Make imported functions inexact

[kripken]

Defined functions remain exact, but imported ones are inexact.

This is a step along the recent Custom Descriptors spec changes.

• New RefFunc::finalize and Literal::makeFunc variants get the module, and look up
  the type there.
• New Builder::makeRefFunc variant gets a Type and applies it. The HeapType
  variant does a lookup on the module (so the Type one is more efficient/applicable
  if the IR is not fully built yet).
• ReFinalize now updates RefFunc types (following the pattern of a few other places).
• C and JS APIs now assume RefFuncs are created after imported functions (so we can
  look up the type of the import; see changelog, this seems the least-annoying way to
  update here, avoiding new APIs, and less breakage for users - hopefully none, all our
  tests here pass as is).
• wasm-split adds a cast when a function becomes an inexact import.
• Fix GUFA to handle inexact function literals.
• Update types in passes and fuzzer as needed.

[kripken]

Fuzzer noticed that we didn't type imported ref.funcs correctly. Last two (non-merge) commits fix and test that.

[tlively]

Don't we still want to track that this is a reference to the imported function? It would just have an inexact type.

[kripken]

But without knowing the identity, I think we can misoptimize? Imagine we have equality for a second, then ref.func a == ref.func a is definitely 1, but ref.func a == ref.func b is not necessarily 0 (can have duplicate imports).

[tlively]

But functions references cannot be compared for equality, so there is nothing to misoptimize, unless I'm missing something.

[kripken]

I did say "imagine" 😆

But, while we don't have ref.eq on functions in wasm userspace, we do have optimizations that compare functions in other ways. E.g. folding an if with ref.eq arms, or GUFA inferences. I admit I don't see an actual bug atm in our optimizer, but a future one is conceivable.

[tlively]

I can see how optimizations might see that two references are the same and e.g. merge two equivalent if arms or something like that, but I still don't see how we could ever have an optimization that does something unsafe when reasoning that two different function references are different. Can we at least consider changes here in a separate PR?

[tlively]

Yes, agreed. I'm not opposed to being conservative here to be on the safe side. But we should keep the less-conservative status quo in this PR to make sure we're not unexpectedly regressing optimizations due to just the introduction of inexact imported functions.

[kripken]

Keeping the status quo does mean keeping the known cases of invalid optimization we have today, including the new gufa.wast tests here, like

(module
  (type $func (sub (func)))
  (type $sub (sub $func (func)))

  (import "" "" (func $f (type $func)))

  (func $test (export "test") (result i32)
    (ref.test (ref $sub)
      (ref.func $f)
    )
  )
)

We misoptimize that to 0 before the fix, because we think imported function literals are actual concrete functions. Given such an actual function, we don't need exactness to know that it will fail that test.

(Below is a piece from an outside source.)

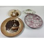 CLARICE CLIFF NEWPORT POTTERY plate of spaniel with bird (28cm), a SPODE Provincial Garden (S3610-A4) plate (25cm) and a Royal Kent Prince Charles and Lady Diana plate (22cm) and a Royal Standard trinket dish (22cm)

The fuzzer can find this after this PR - perhaps because of the new testcases? Or perhaps because of the companion fuzzing PR #7963, which should really land as it increases coverage enough to find those recent vulnerabilities. So while I see your point, our options seem to be

• Land this PR as is, fixing the misoptimization but potentially regressing optimizations on imported function references.
• Land this without fixing the misoptimization, which will not regress any opts, and work around it in the fuzzer, maybe not landing Fuzzer: Merge and optimize even with closed world in Two() #7963, maybe marking new tests as non-fuzzable, maybe both.
• Fix the misoptimization otherwise, e.g., GUFA/possible-contents could special case function literals in various places.

[tlively]

What if GUFA has a function literal, but its type isn't exact?

[kripken]

It is still a literal. The code assumes that a literal is an actual identifiable thing, like 42 or the function "foo", and unlike a global "bar" (whose value we don't know).

We could special-case the code to make it treat an inexact funcref as "a literal, but not really; more like a global." But that won't work once we have exact function imports - the same problem would happen with exact ones.

[tlively]

I don't see the problem. Once we have exact imports, then the Literal for the imported function would have an exact type iff the import is exact. GUFA would then look at the literal type to see whether casts would succeed or fail, for example. The changes to support inexact function literals are already in this PR.

[tlively]

Is this still TODO?

[kripken]

Oops, just some old text. These casts become exact. Cleaned up now.

[tlively]

Let's add some exact casts to the test to show that they work as expected. I don't think the test currently demonstrates that.

[kripken]

Sure, added.

[tlively]

The comment suggests we should have been able to optimize this.

[kripken]

Good point, I think we need to look at finality in GUFA somehow. I added a TODO.

[tlively]

I suspect this will be fixed by using a non-exact Literal for references to function imports.